PROBLEM TO SOLVE
Exact duplicates of the lines from the top of the data through the line containing "A navy gown" are needed, with every picture left out.

RECORD EXTRACTS
++++++++++++++++++++
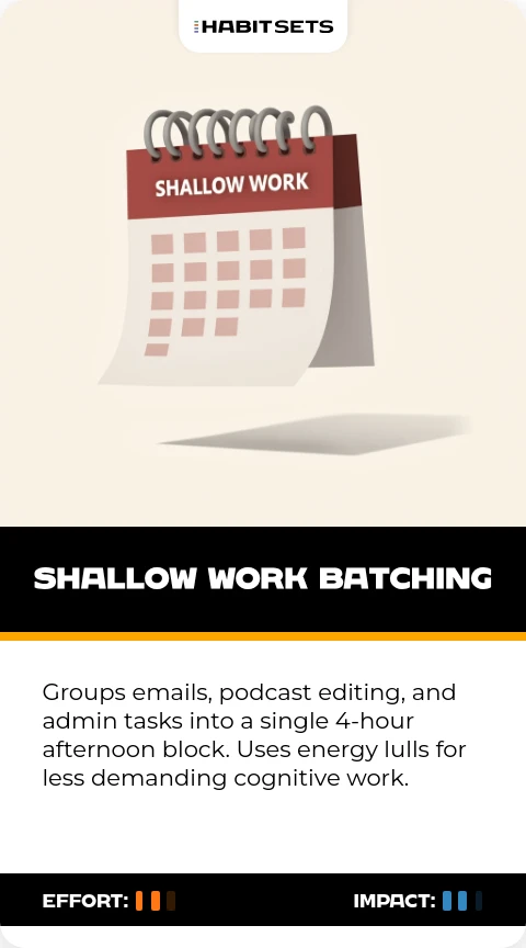 Groups emails, podcast editing, and admin tasks into a single 4-hour afternoon block. Uses energy lulls for less demanding cognitive work.
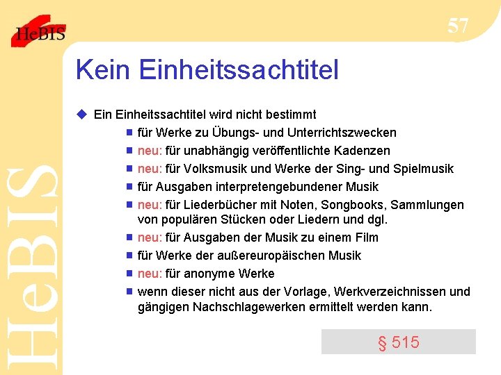 He. BIS 57 Kein Einheitssachtitel u Einheitssachtitel wird nicht bestimmt g für Werke zu Übungs- und Unterrichtszwecken g neu: für unabhängig veröffentlichte Kadenzen g neu: für Volksmusik und Werke der Sing- und Spielmusik g für Ausgaben interpretengebundener Musik g neu: für Liederbücher mit Noten, Songbooks, Sammlungen von populären Stücken oder Liedern und dgl. g neu: für Ausgaben der Musik zu einem Film g für Werke der außereuropäischen Musik g neu: für anonyme Werke g wenn dieser nicht aus der Vorlage, Werkverzeichnissen und gängigen Nachschlagewerken ermittelt werden kann. § 515
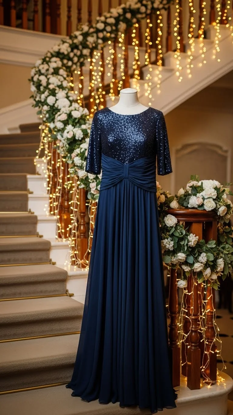 A navy gown with a sequined top balances sparkle and structure. Choose a gown with a simple skirt to keep the look grounded. Add silver jewelry to match the cool tone. If the sequins feel too bold, wear your hair down to soften the effect. You can also DIY some sparkle by adding sequins to the waistband if the bodice is plain. Navy works well with silver heels or nude shoes. A silver clutch completes the outfit without overpowering it. Tighten the waist with a ribbon if you want more shape. This outfit fits ballroom, hotel, or home parties. The sequins reflect party lights in a flattering way.
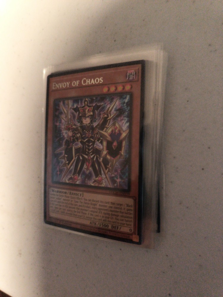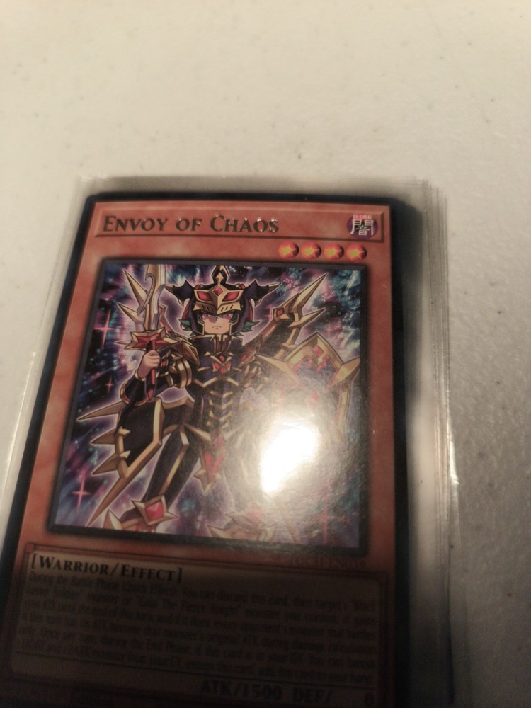 Level:4Language:EnglishFeatures:1st EditionGame:Yu-Gi-Oh! TCGAdditional Description:Envoy of ChaosCreature/Monster Type:Warriorbrand:KonamiCard Number:TOCH-EN039Card Name:Envoy of ChaosRarity:RareAttack/Power:1500Set:Toon ChaosAttribute/MTG:Color:DarkManufacturer:KonamiCard Type:EffectCard Text:During the Battle Phase (Quick Effect): You can discard this card, then target 1 "Black Luster Soldier" monster or "Gaia The Fierce Knight" monster you control; it gains 1500 ATK until the end of this turn, and if it does, every opponent's monster that battles it this turn has its ATK become that monster's original ATK during damage calculation only. Once per turn, during the End Phase, if this card is in the GY: You can banish 1 LIGHT and 1 DARK monster from your GY, except this card; add this card to your hand.Defense/Toughness:0
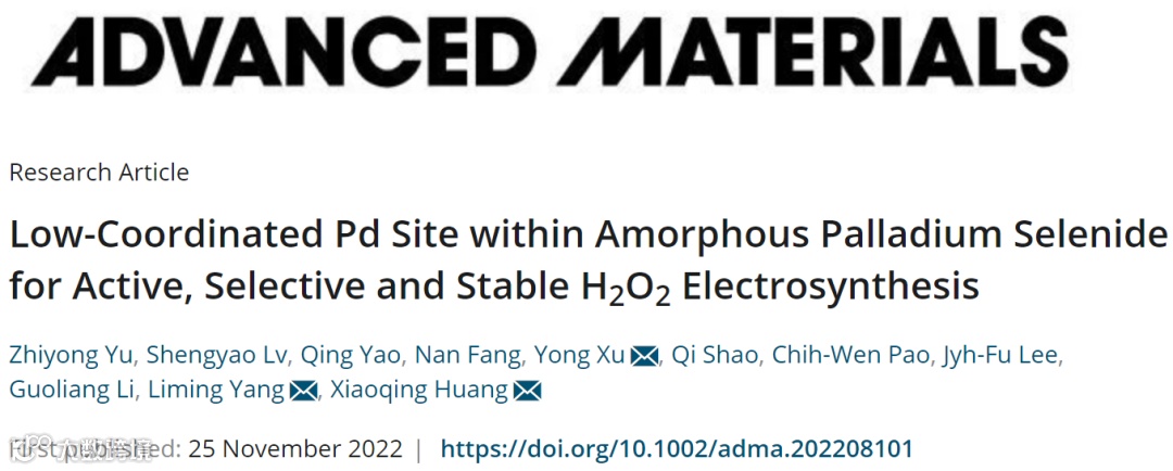 电化学还原法由于能够在温和条件下将O2转换为H2O2而引起了人们的广泛关注。因此,开发兼具高性能、高选择性以及高稳定性的优异催化剂对于电合成H2O2技术的实际应用至关重要,但目前仍然面临着巨大的挑战。本文报道了非晶PdSe2纳米颗粒(a-PdSe2 NPs)中Pd位点的低配位结构能够显著促进电催化合成H2O2。测试结果表明a-PdSe2 NPs在不同pH电解质中表现出超过90%的高选择性以及优异的产率,在三相流动池反应器中的测试结果进一步表明a-PdSe2 NPs在实际应用中的巨大潜力。详细的研究和理论计算结果表明,a-PdSe2 NPs中Pd原子的无序排布能够促进其活性,低配位环境下的Pd位点可以优化材料对含氧中间体的吸附,抑制O-O键的裂解,从而显著提高H2O2选择性和产率。
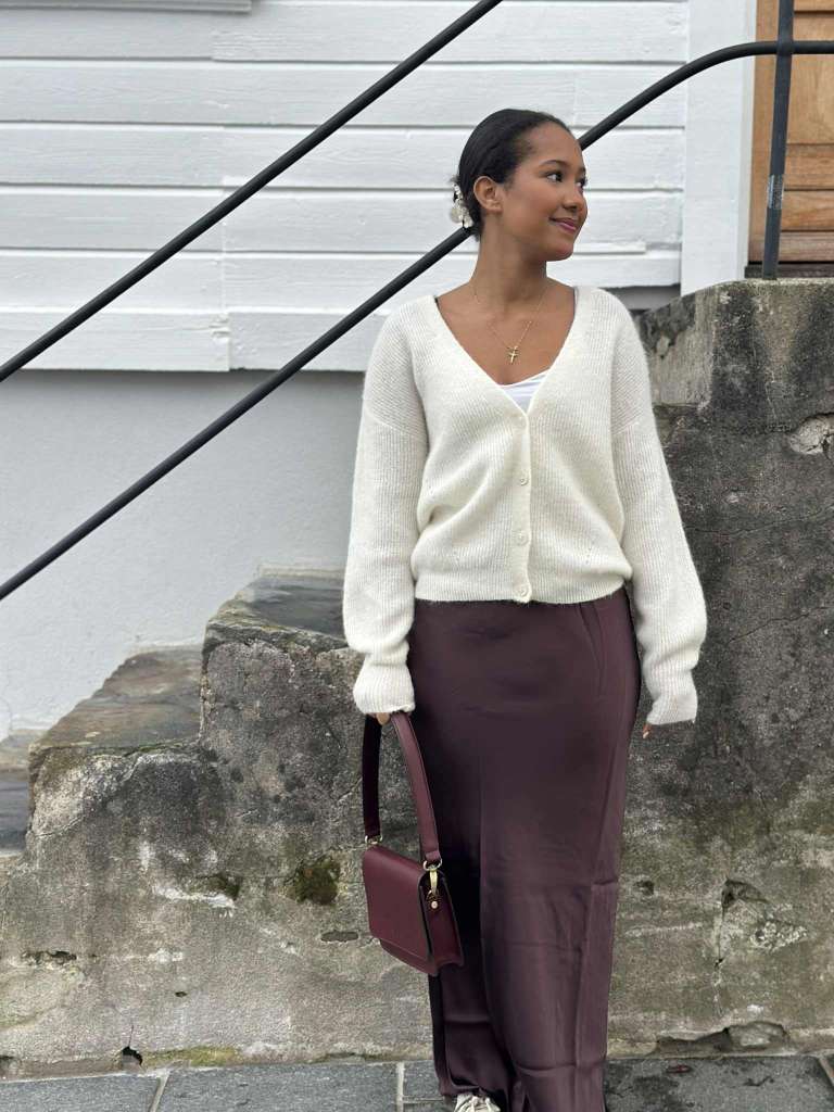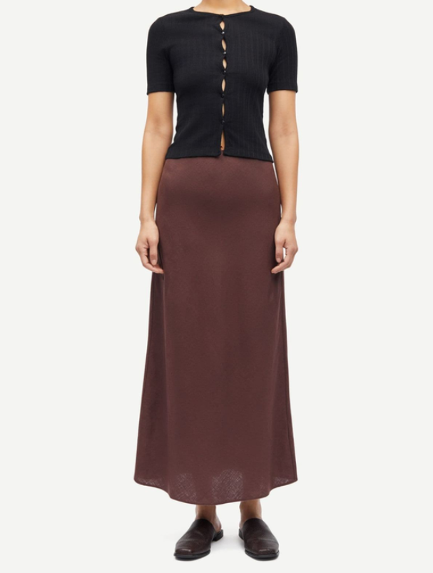 Utforsk elegansen og komforten med dette langskjørtet i fransk røstfarge.
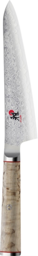 Japanische Messer sind nicht nur überaus scharf, sie sind auch optisch ansprechende Küchenwerkzeuge, die auf keinen Fall in Ihrer Messerkollektion fehlen sollten. Das Shotoh aus der Serie 5000 MCD von MIYABI schneidet mit seiner 14 cm langen scharfen Klinge Wurst, Käse und Gemüse in perfekte Scheiben. Aber auch Fleisch und Fisch lassen sich mit dem MIYABI 5000 MCD Shotoh in kleine Stücke zerteilen. Das Messer besteht aus einem hochwertigen MicroCarbide-Pulverstahl MC63-Kern, der von 100 Lagen Stahl umgeben ist. Dadurch entsteht auf jeder Klinge ein individuelles „Flower-Damastmuster“. Jedes Shotoh wird in Seki, Japan, mit dem klassischen Honbazuke-Abzug geschärft, was zu einer besonderen Schärfe führt, die mühelos durch das Schneidgut gleitet. Zusätzlich wurde die CRYODUR Klinge in dem speziell entwickelten Verfahren gehärtet. Neben der einzigartig gemusterten Klinge ist auch der Griff aus bester Masur-Birke ein optisches Highlight: Nicht nur die Maserung ist ein Hingucker – der Look des Holzgriffes wird abgerundet durch einen edlen Mosaik-Pin.
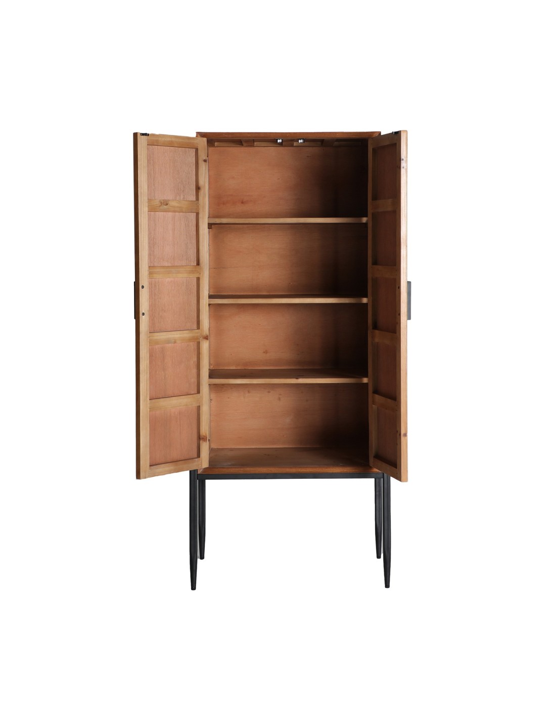 Armario rectangular Lauris de estilo Nórdico, fabricado en madera de abeto en color marrón y madera contrachapada y hierro en color negro con acabado mate.
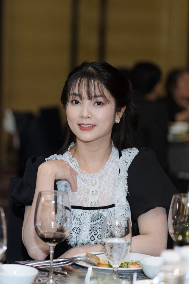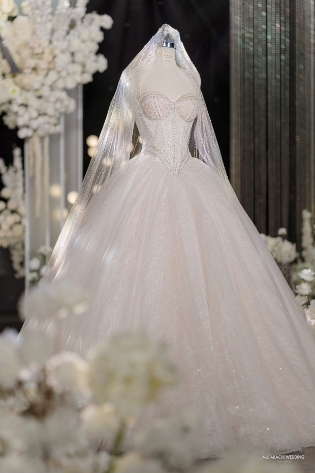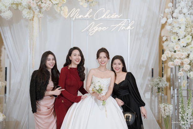 Cô dâu Ngọc Anh khoe nhan sắc mỹ miều, cô diện chiếc váy hơn 200 triệu lấy cảm hứng từ vẻ đẹp huyền ảo, lấp lánh của dải ngân hà, được thực hiện trong suốt 3 tháng. Khuôn mặt của nữ diễn viên ngập tràn hạnh phúc, vui vẻ khi chính thức được "chốt đơn" trong ngày đặc biệt. Dàn sao Việt như Đình Tú, Ngọc Huyền, Ngô Mai Phương... đã có mặt để chúc mừng "tân lan tân nương".
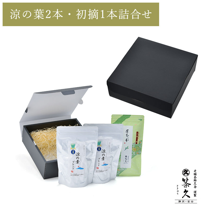 水出し冷茶ティーバック「涼の葉ブレンド(5g△×30個入り)」×2本と茶久初摘100g×1本の詰合せ
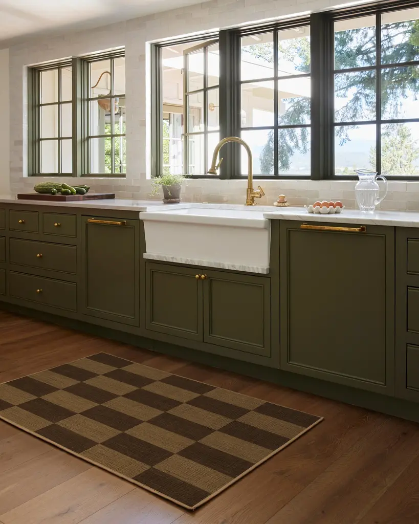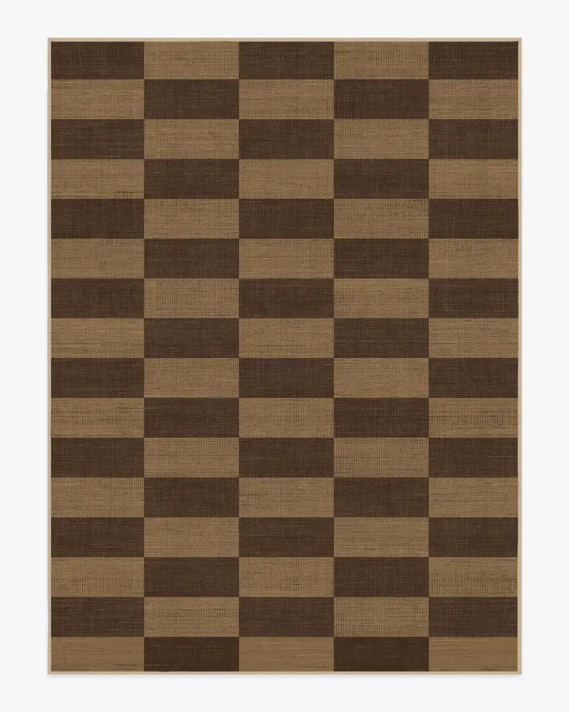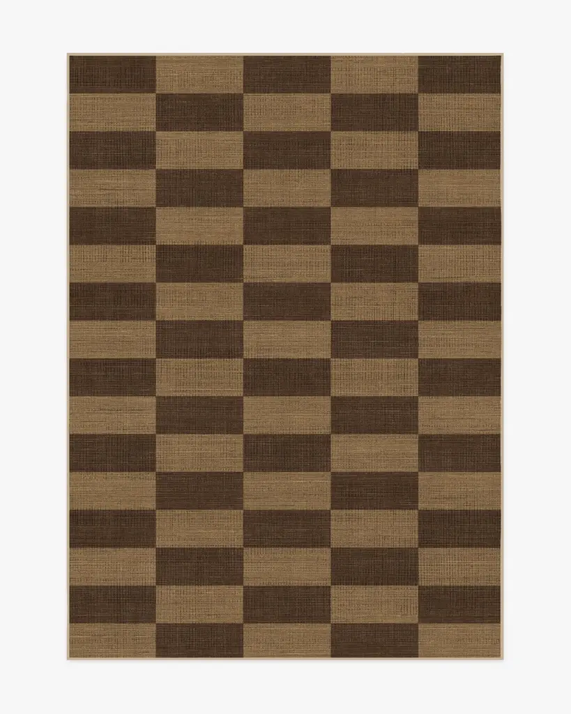 Our Architectural Digest Yates Check Brown Rug, designed by Light and Dwell, remixes classic elegance with a modern twist. Its rectangular, checkered design boasts lush textures, while the natural imperfections add character to its structured appearance. The rich chocolate brown hues stand out against a warm sand background. The woven jute-like material is made from up to 180 recycled plastic bottles per rug, recycled and virgin polyester, and polyurethane that won't shed or fray. Water-resistant, stain-resistant, and machine-washable. Rug colors may vary slightly according to your device and the lighting in your space.
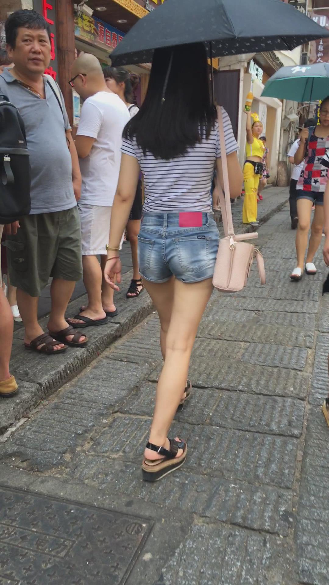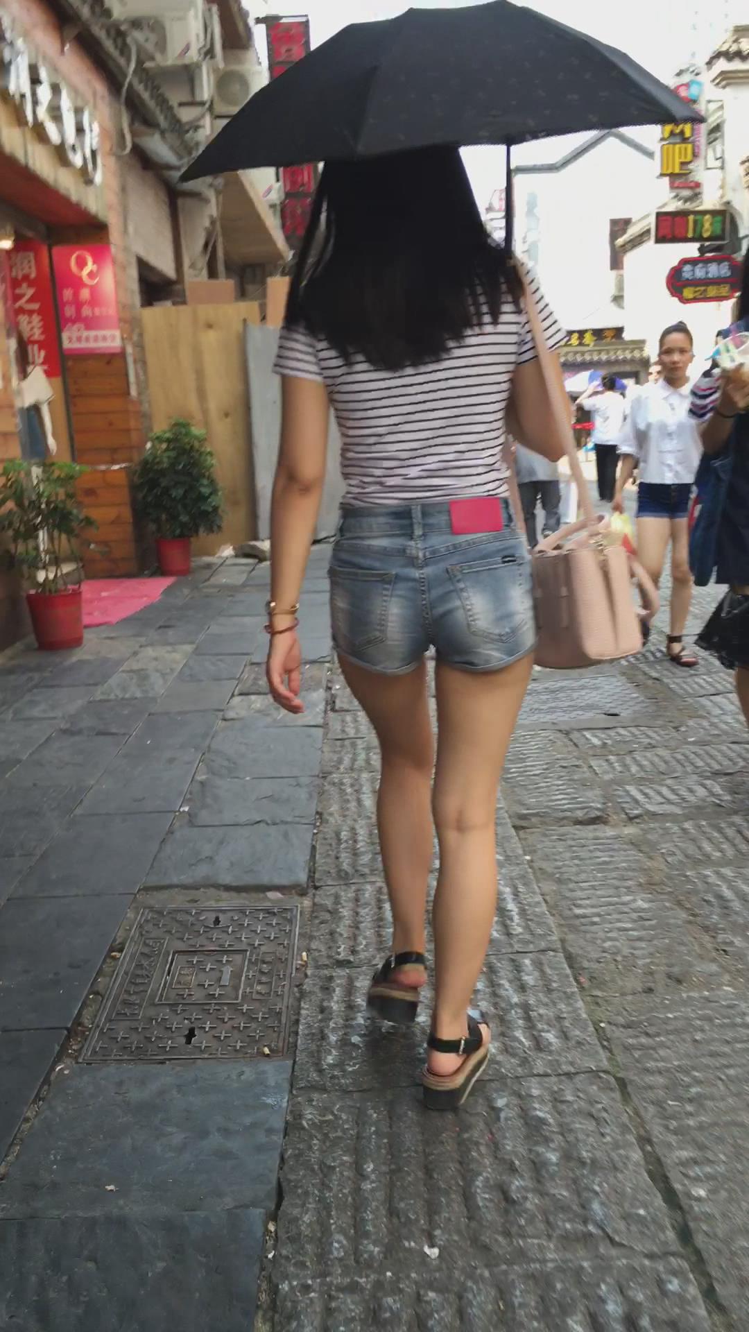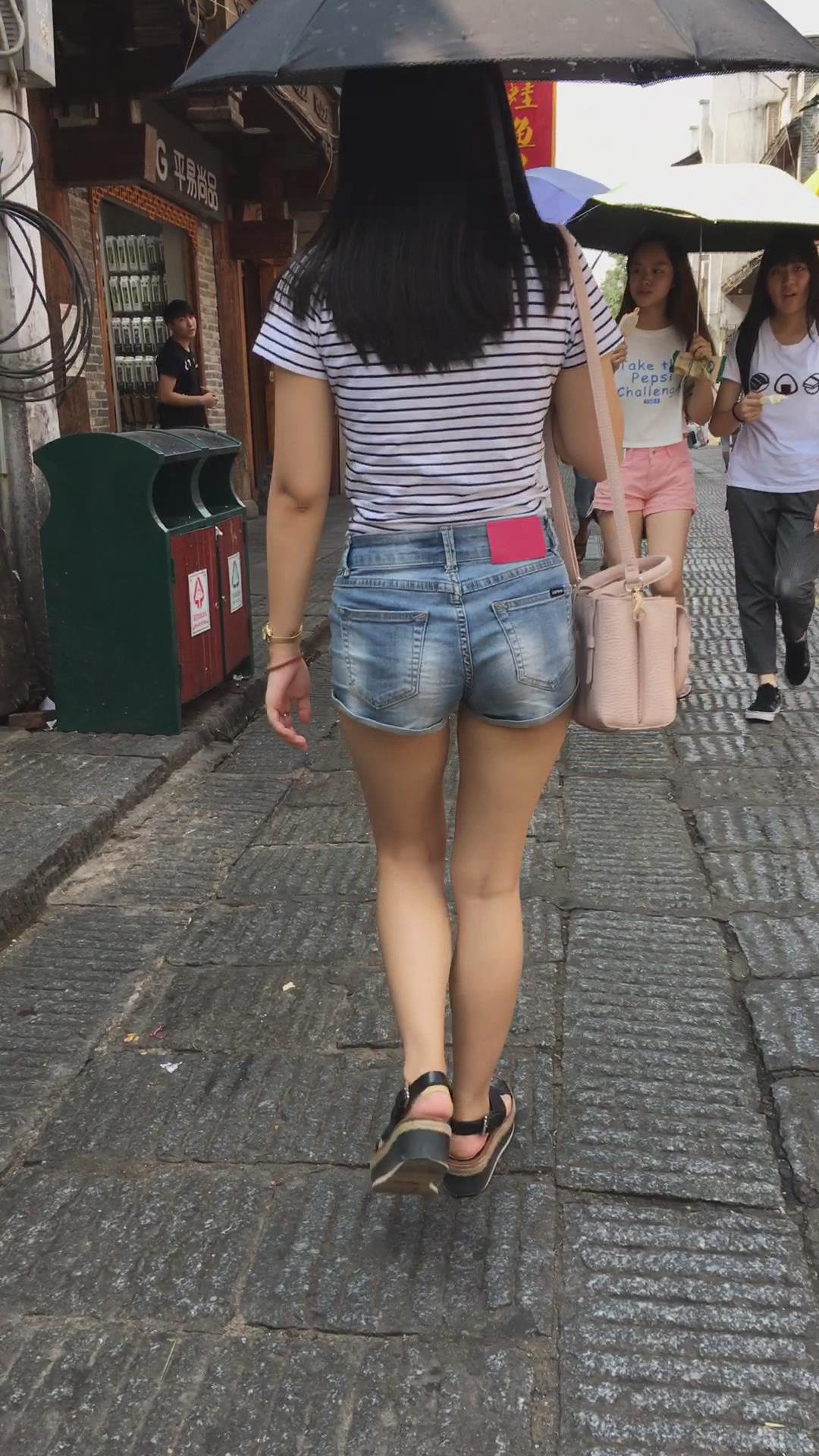 撑伞逛街的牛仔热裤美腿小清新美女。 编号4625
++++++++++++++++++++
SOLVED PROBLEM
 Groups emails, podcast editing, and admin tasks into a single 4-hour afternoon block. Uses energy lulls for less demanding cognitive work.
 He. BIS 57 Kein Einheitssachtitel u Einheitssachtitel wird nicht bestimmt g für Werke zu Übungs- und Unterrichtszwecken g neu: für unabhängig veröffentlichte Kadenzen g neu: für Volksmusik und Werke der Sing- und Spielmusik g für Ausgaben interpretengebundener Musik g neu: für Liederbücher mit Noten, Songbooks, Sammlungen von populären Stücken oder Liedern und dgl. g neu: für Ausgaben der Musik zu einem Film g für Werke der außereuropäischen Musik g neu: für anonyme Werke g wenn dieser nicht aus der Vorlage, Werkverzeichnissen und gängigen Nachschlagewerken ermittelt werden kann. § 515
 A navy gown with a sequined top balances sparkle and structure. Choose a gown with a simple skirt to keep the look grounded. Add silver jewelry to match the cool tone. If the sequins feel too bold, wear your hair down to soften the effect. You can also DIY some sparkle by adding sequins to the waistband if the bodice is plain. Navy works well with silver heels or nude shoes. A silver clutch completes the outfit without overpowering it. Tighten the waist with a ribbon if you want more shape. This outfit fits ballroom, hotel, or home parties. The sequins reflect party lights in a flattering way.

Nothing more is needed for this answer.